There is no reference is made to international best practices and specific recommendations of the International Labour Organization. It also remains unclear which international organisations are authoritative for the UK Government. One can only guess that the International Monetary Fund and the World Bank among them are. It is on the recommendations of these two organisations that the Labour Code of Georgia, which was criticised by the ILO Committee on the Application of Standards, was drafted.

Voters do not always agree with politicians. Often they do not agree. But they believe that disagreement is genuine, that their representatives are acting in the public interest, and that it is possible to resolve differences of opinion in debates and at the ballot box.

In the Nordic countries, trust is called “gold” because it brings tangible economic and social benefits to society. Mistrust, on the contrary, leads to losses. Liberalisation of Ukrainian legislation will only increase distrust in government and therefore increase losses. Multiplication of social trust should be one of the strategic goals, which presupposes both mutual trust of citizens and trust in state institutions.

“Once people change their attitude towards businessmen”, Russian officials have repeatedly stated, “there will be an opportunity to change the overall situation of the economy, as well as reforms in the social sphere towards improvement for the population. Do we have “change of attitude towards businessmen” as an input and “improvements for the population” as an output? What is the connection? The same connection as between liberalising labour relations and improving working conditions for workers.

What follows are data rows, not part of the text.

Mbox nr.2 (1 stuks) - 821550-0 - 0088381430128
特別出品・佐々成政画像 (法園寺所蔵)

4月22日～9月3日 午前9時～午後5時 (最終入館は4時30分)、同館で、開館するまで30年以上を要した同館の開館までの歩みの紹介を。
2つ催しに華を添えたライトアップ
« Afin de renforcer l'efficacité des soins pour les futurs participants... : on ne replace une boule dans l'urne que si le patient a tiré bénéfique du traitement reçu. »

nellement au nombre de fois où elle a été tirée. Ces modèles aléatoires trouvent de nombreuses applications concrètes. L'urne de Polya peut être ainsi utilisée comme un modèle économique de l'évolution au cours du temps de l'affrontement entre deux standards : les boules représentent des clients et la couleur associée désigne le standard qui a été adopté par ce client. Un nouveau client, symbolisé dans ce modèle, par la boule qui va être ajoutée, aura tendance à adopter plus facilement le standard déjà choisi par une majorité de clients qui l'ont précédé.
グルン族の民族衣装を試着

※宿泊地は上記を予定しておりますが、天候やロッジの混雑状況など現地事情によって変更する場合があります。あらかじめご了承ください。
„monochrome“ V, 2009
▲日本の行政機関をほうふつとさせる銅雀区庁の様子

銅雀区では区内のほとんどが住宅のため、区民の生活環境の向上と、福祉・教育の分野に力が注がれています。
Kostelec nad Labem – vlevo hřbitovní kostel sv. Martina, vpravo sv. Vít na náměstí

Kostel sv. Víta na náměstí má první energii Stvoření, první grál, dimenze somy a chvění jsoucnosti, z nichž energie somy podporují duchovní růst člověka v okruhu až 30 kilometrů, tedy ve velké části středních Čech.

It looks like those who the Ukrainian in power have taken a well-known saying “The rich are not those who have much, but those who have enough”. But for some reason capital is always short and the population should be satisfied with what they have. Ordinary people only have to worry about losing what they owe.

It can be assumed that in the future a  law on victims of liberal reforms will have to be passed under which payments will be made to victims of the “turbo laws”. After all, it was during this time that a huge number of people found themselves on the brink of poverty.

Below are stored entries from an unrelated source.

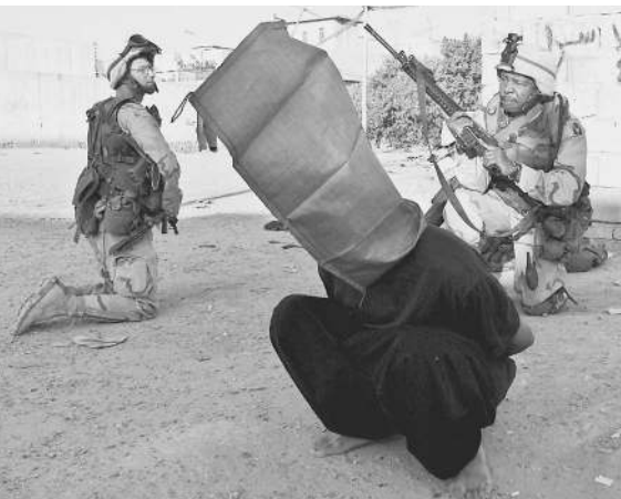
Ирак. Американцы задерживают очередного «террориста»

Саддам Хусейн имеет оружие массового поражения. И лишь вторжение в Ирак может спасти мир от страшной угрозы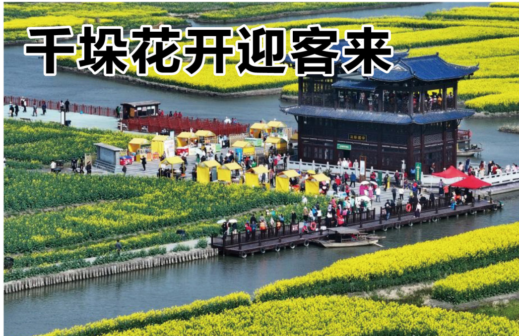
随着气温回升，江苏省兴化市千垛景区的油菜花陆续开放。金黄色的油菜花与纵横交错的河道交相辉映，构成“河有万湾多碧水，田无一垛不黄花”的春日画卷，吸引了不少游客前来赏花，尽享美好春光。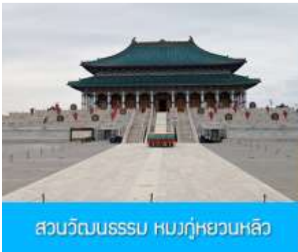
สวนวัฒนธรรมหมงกู่หยวนหลิว

พักที่ ORDOS BOYU AIRUI HOTEL โรงแรมระดับ 4 ดาวท้องถิ่น หรือเทียบเท่าในเมืองเออร์ดอส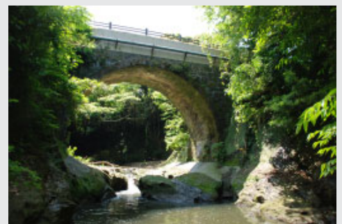
▲下流から見た巴橋

大正12(一九二三年)の関東大震災で、巴川を逆流した津波は、すごい勢いで巴橋を飲み込み、上流へと流れ込んでいったとされていますが、石積みのこの橋は、津波の勢いにも負けませんでした。また

At the same time we should have had another bill passed that would have been called the Victims of Liberal Reform Act. Payments should be given to those who have lived and suffered under the “turbo laws”, who had lost their homes and possessions, who had serious illnesses. I think everyone knows many of these people personally.

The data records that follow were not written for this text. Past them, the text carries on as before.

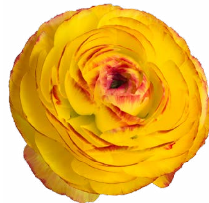
AMANDINE YELLOW PICOTEE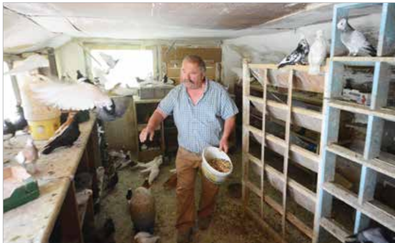
A galambászat folyamatos jelenlétet igényel

Nehéz dolog a galambászat, hiszen folyamatos jelenlétet igényel. A galambtenyésztés azonban egy nagyon szép dolog! A székesfehérvári bukóval pedig egyértelműen értékmegőrzést végzünk. Ez egy olyan fajta, ami jellemzően fehérvári, és itt is alakult ki két-háromszáz évvel ezelőtt. Akárhány fiatal érkezne holnap, hogy szívesen belekóstolnának a galambászatba, mindenkinek szívesen segítenék!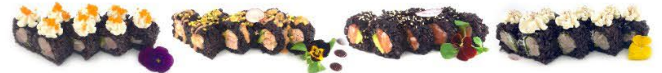
412. Ura Fiocco di neve 8pz Pesce spada, avocado, Philadelphia e tobiko €11.00

When reading numerous passages about the need for labour reforms in Ukraine, remember Notes of a Ukrainian Madman by Lina Kostenko, who wrote that a new caste had appeared in our independent country: “Oligarchs, people’s deputies, businessmen, executives, criminal bosses, VIPs and pop stars – here it is, the golden fund of society, its priceless treasure. Everyone else is the masses, the backdrop”. And conclude what this “golden fund of society” can offer you.  

Volodymyr Sayenko,

Vice-President of Federation of Trade Unions of Ukraine, Vice-President of Board of Social Insurance Fond of Ukraine.


Vasyl Shylov,

Head of International Relations Department, Federation of Trade Unions of Ukraine, PhD.